Mid-Term Report Summary - NANOSPIN (Nanoscale spin interactions and dynamics on superconducting surfaces)

The latest concepts for quantum computing and data storage envision the use of single spins, which can be addressed and manipulated reliably. One of the main limitations towards this challenging goal is the ultra-short lifetime of excited spin states due to the interaction with the contacting leads. Typically, spin-lattice relaxation times in single atoms or molecules in contact to a metal surface are in the range of ps due to the exchange of energy and angular momentum with the itinerant electrons of the substrate.
Superconductors are interesting materials to support magnetic adsorbates. First, they provide an energy gap, which serves to protect excited spin states from fast relaxation into the bulk. Second, magnetic interactions between adsorbate spins and the superconductor can lead to interesting many-body states with so-called Yu-Shiba-Rusinov (short: Shiba) states inside the superconducting energy gap, while at the same time a Kondo resonance outside the gap is formed. Third, the superconductor may provide intriguing pathways of coupling magnetic moments of individual atoms/molecules due to the presence of the Cooper pairs in the superconducting condensate. Our project aims at using these features for creating nanostructures with coupled spin states. We intend to manipulate the spin states individually and resolve a response in the neighboring atom/molecule.
On the way to this goal, we have explored a variety of transition metal atoms and metal-organic complexes on superconducting Pb surfaces. We resolve the Shiba states inside the superconducting energy gap by scanning tunneling spectroscopy at a temperature of 1.1 K. We have identified different transport mechanisms through Shiba states and deduced the lifetime of electrons in these states (Phys. Rev. Lett. 115, 087001 (2015)). We observed that single atoms and molecules exhibit a characteristic number of Shiba states.

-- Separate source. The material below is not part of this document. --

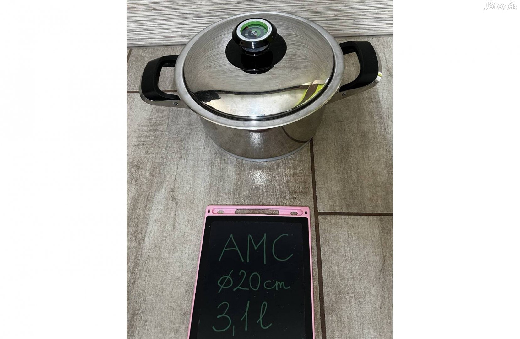 Eladó egy használt AMC 20 cm belső átmérőjű 3,1 literes rozsdamentes edény fedővel.

We showed that these are a result of the atomic-scale surrounding. The substrate effectively acts as a crystal field, which removes the degeneracy of the d-levels. The Shiba states inherit the symmetry from the corresponding d-states (Phys. Rev. Lett. 117, 186801 (2016)). Additionally, the crystal field can impose magnetic anisotropy on the spin states. As a result, the Shiba states are split into characteristic multiplets. A detailed lineshape analysis of these states allowed us to unambiguously identify the many-body ground state of the system (Nature Comm. 6, 8988 (2015)).
We could also show that Shiba states of adatoms at sufficiently close distance hybridize and give rise to states with bonding and anti-bonding character. In densely packed chains, the Shiba states of the adatoms yield extended bands. The chains have been shown to host localized endstates at zero-energy, which have been discussed in the framework of Majorana modes by the Yazdani group (Nadj-Perge, et al., Science 346, 602 (2014)). Since these states are promising for quantum computation, we revisited these chains within our project. We confirmed the zero-energy modes found by the Yazdani group and provided further evidence for the topological gap size as well as for a correlation between d-states and Shiba bands (Phys. Rev. Lett. 115, 197204 (2015)).
Our achievements within the first stage of this projects provide a promising basis for the creation of magnetic nanostructures on superconducting surfaces, which qualify for the read-out, manipulation and spin coupling. We will further aim at higher precision of these steps and enlarge our tool box and experimental systems.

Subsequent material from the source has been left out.